CONCLUSIONS AND PERSPECTIVES

The introduction of soft ionization methods and LC-MS/MS has made the analysis of conjugated bile acids possible with high sensitivity, small sample requirements, and simplified sample preparation procedures. Although LC-MS/MS may provide sufficient specificity in analyses of common conjugated bile acids, e.g., in bile or plasma, mixtures such as those found in urine and feces require a combination of LC-MS/MS and GLC-MS to provide sufficient information about the structure of the isomeric bile acids and bile alcohols present in unconjugated, singly, doubly, or triply conjugated forms. Metabolomic studies of native unconjugated bile acids with potential functions as ligands to nuclear receptors are probably still best carried out using GLC-MS. Improved methods for fragmentation of the bile acid skeleton in ions produced by ESI may change this situation. Non mass spectrometric methods, particularly the non chromatographic ones, rely on assumptions regarding the bile acid composition of the material analyzed, and their application should be restricted only to defined samples (defined by mass spectrometric methods) and particular experimental conditions in vitro.

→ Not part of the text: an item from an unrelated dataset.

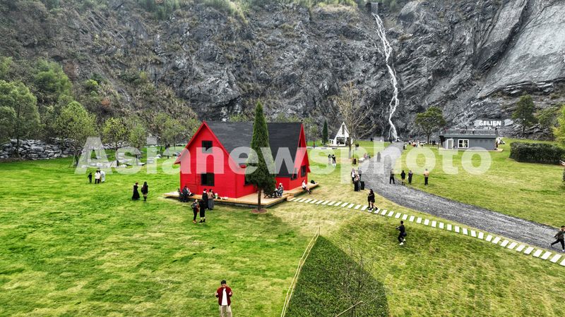 2024年11月24日,游客在浙江省湖州市德清县莫干山镇五四村一家矿坑咖啡店拍照打卡。近年来,五四村牢固树立和践行“绿水青山就是金山银山”理念,陆续关停矿山企业,积极推进美丽乡村建设,推动闲置矿山资源文旅化场景改造、文旅业态培育和文旅产品开发,让昔日废矿变身乡村旅游网红地。
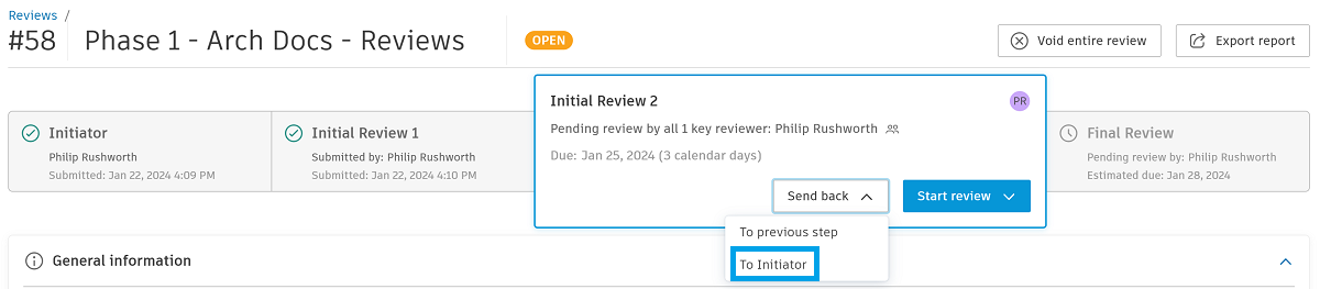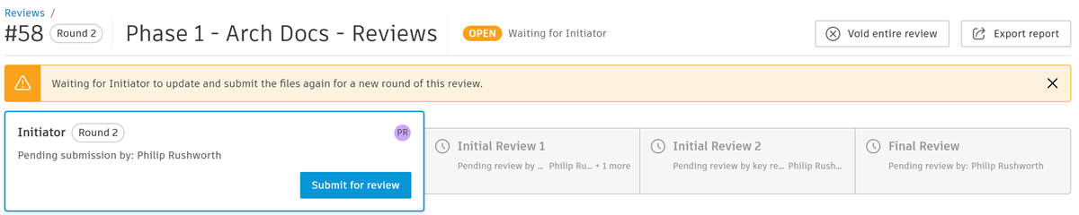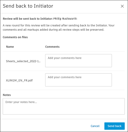 You may want to send a review back to the initiator if, for example, the files to review are the wrong ones or are out of date. Instead of voiding the whole review, you can send the review back to the initiator so they can update the files. When the initiator resubmits the review, this will automatically create a new review round for the updated files and reinitiate the review workflow.

The next generation of methods for bile acid analysis is most likely based on mass spectrometric detection. Instruments and software are available and being developed providing exceptional resolution and sensitivity for high specificity analyses, calculation of elemental composition, and multi-labeling isotope experiments. Considering the close structural similarity of isobaric bile acid isomers in biological materials, coupling to chromatographic separation will usually be required. Sample preparation and separation are the rate limiting steps in high-throughput analyses, and on-line automated sample preparation procedures will be developed. Equipment is already commercially available. The high sensitivity of mass spectrometers permit work in the nanoscale range, and microfluidic systems are available. This development is accelerating because it is needed in all fields of proteomics, peptidomics, lipidomics, metabolomics, etc., and high-sensitivity analysis.